〇神奈川県立金沢文庫 特別展『名品撰品-称名寺・金沢文庫の名宝への学芸員のまなざし-』(2020年3月26日~5月22日)
称名寺から寄託を受けた文化財を中心に、県立金沢文庫が所蔵・保管する文化財を交えて、 それぞれの学芸員がテーマを決めて選んだ名品を展示する。同館の展示は何度も見ているので、絵画の『十二神将像』、彫刻の釈迦如来立像と十大弟子立像、工芸の青磁壺や青磁香炉(どちらも元時代)が出ていたのは予想どおり。声明や韻律・音楽関係の文書が多いことも、以前から紹介されていたので納得できた。
本展の見どころは、今年の大河ドラマ『鎌倉殿の13人』を意識した(?)文書がいくつか展示されていることだろう。『ゑんさい願文』は、金沢文庫の創設者である北条実時(1224-1276)の妻・尼ゑんさいが、亡夫・実時とともに源義経(1159-1189)の成仏を願ったもので、細かい仮名書きの中に「みなもとのよしつね」の文字がある。解説によれば、義経の死から60年目を翌年に控えた宝治2年(1248)2月には、鎌倉で義経の怨霊を宥める評定が行われたという。ネットで探してみたら、弘前市立弘前図書館の「おくゆかしき津軽の古典籍」のページに『吾妻鏡』宝治2年(1248)2月5日の条が掲載されていた。永福寺の修理にあたり、北条時頼が往時を回顧して、頼朝が「ただ私の宿意をもって」義経、泰衡を誅亡したことを悔い、その怨霊をなだめ、供養する必要があると論じている。義経、確かに怨霊になっても全く不思議はないのだが、そうならなかったのは、北条氏の人々がねんごろに弔い続けたおかげかもしれない。

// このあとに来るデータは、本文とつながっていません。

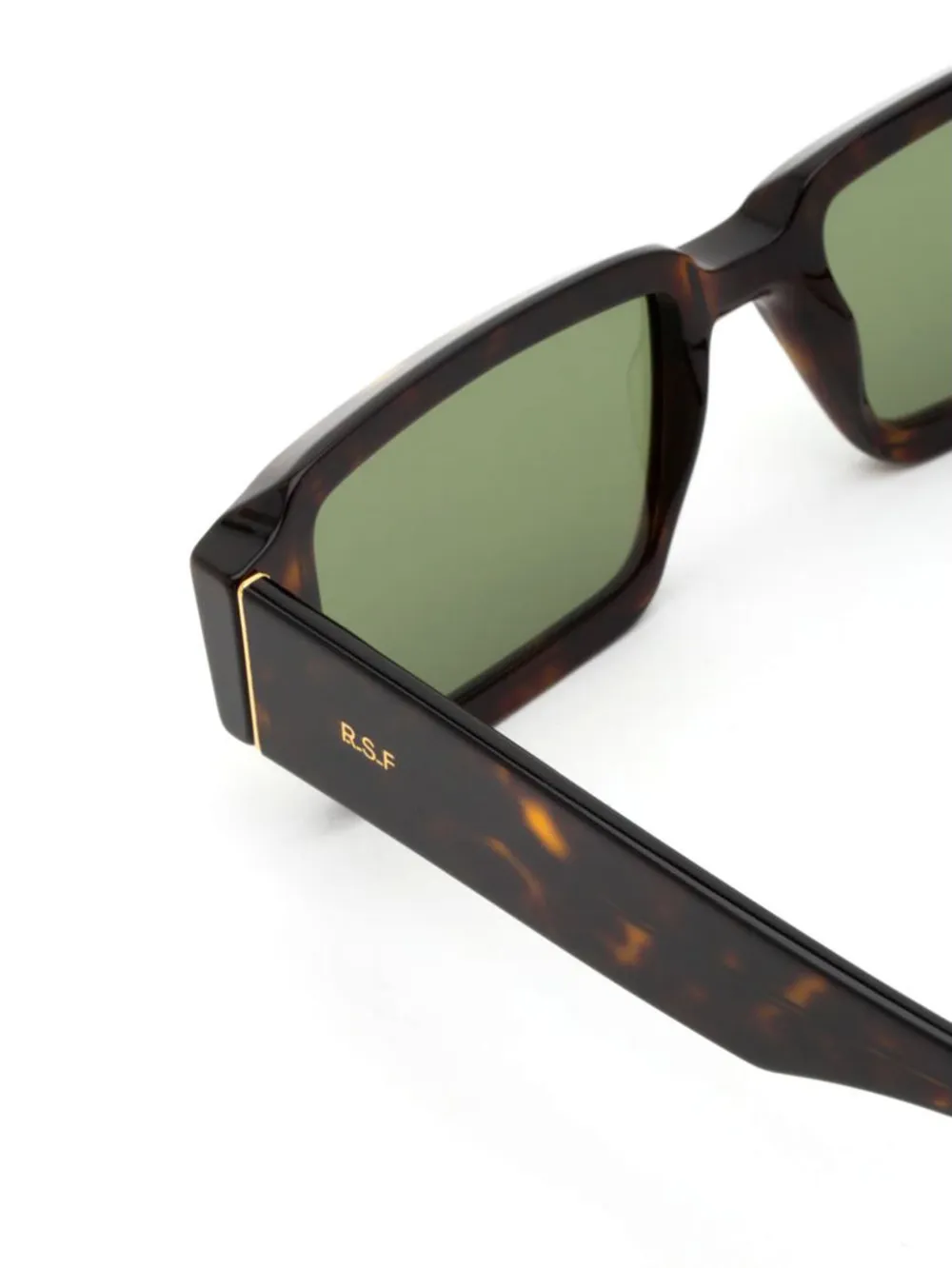 bruin vierkant montuur groen getinte glazen logoprint op het pootje Deze bril wordt verkocht met een beschermhoes.

頼朝を祭神とする(義経も合祀されている)鎌倉・西御門の白旗神社は、頼朝の持仏堂(法華堂)の跡地である。『六十六部縁起断簡』(室町時代)には、頼朝の前世は六十六部聖(廻国聖)で、時政、景時、広元も、それぞれ勧進聖や旦那(檀越)だったという夢告を頼朝に注進する者があり、頼朝が歓喜して法華堂を建立した、という逸話が載っていた。前世が坊主だったと聞いて、何がそんなに嬉しいかなあ…と思うのは現代人で、仏縁の有無、ひいては死後に極楽往生できるかどうかは、当時の武士にとって切実な問題だったのだろう。
なお、義時や政子の墳墓も法華堂(跡)の名前で呼ばれている。いま北条義時法華堂跡では、看板にある二次元コードを読み込むと実際の風景の中にCGで再現した建物を表示できるのだそうだ。連休に鎌倉に遊びに行って、やってみよう。
※参考:タウンニュース鎌倉版「ARで義時の法華堂再現」(2022/1/21)
『覚禅抄』には、寿永2年(1183)11月、後白河院が蓮華王院に高僧を集め、木曾義仲の調伏を祈願して、大威徳転法輪法を修したことが記録されている。まさに先週の『鎌倉殿の13人』の時期のことだ。後白河院は「寿永二年十月宣旨」によって、頼朝による東国支配権を公認し、頼朝は義経らを京へ派遣した。義経の軍勢は11月には近江に達するも、11月19日、義仲が院御所・法住寺殿を襲撃して後白河院を幽閉する(法住寺合戦)。大威徳転法輪法で使用される大威徳明王像はこんな感じ(※文化遺産オンライン)。中世の禍々しさが感じられて、ぞくぞくする。
呪術や信仰を離れたところでは、北条実時の息子・実政が、元寇(弘安の役)に際して現地総司令官として九州に下向し、そのまま鎮西探題となって、ほぼ全生涯を九州で過ごしたという話がおもしろかった。今も昔も人間の転機は分からないものだなあ。以後、北条氏は九州に土着して地盤を形成していく。
また『東鑑(吾妻鏡)』は、鎌倉時代末年に幕府が編纂した歴史書だが、その編纂のもとになった一次資料(と思われる文書)が『吾妻鏡断簡』として展示されていた。ふだん版本しか見る機会がないので、なかなか新鮮だった。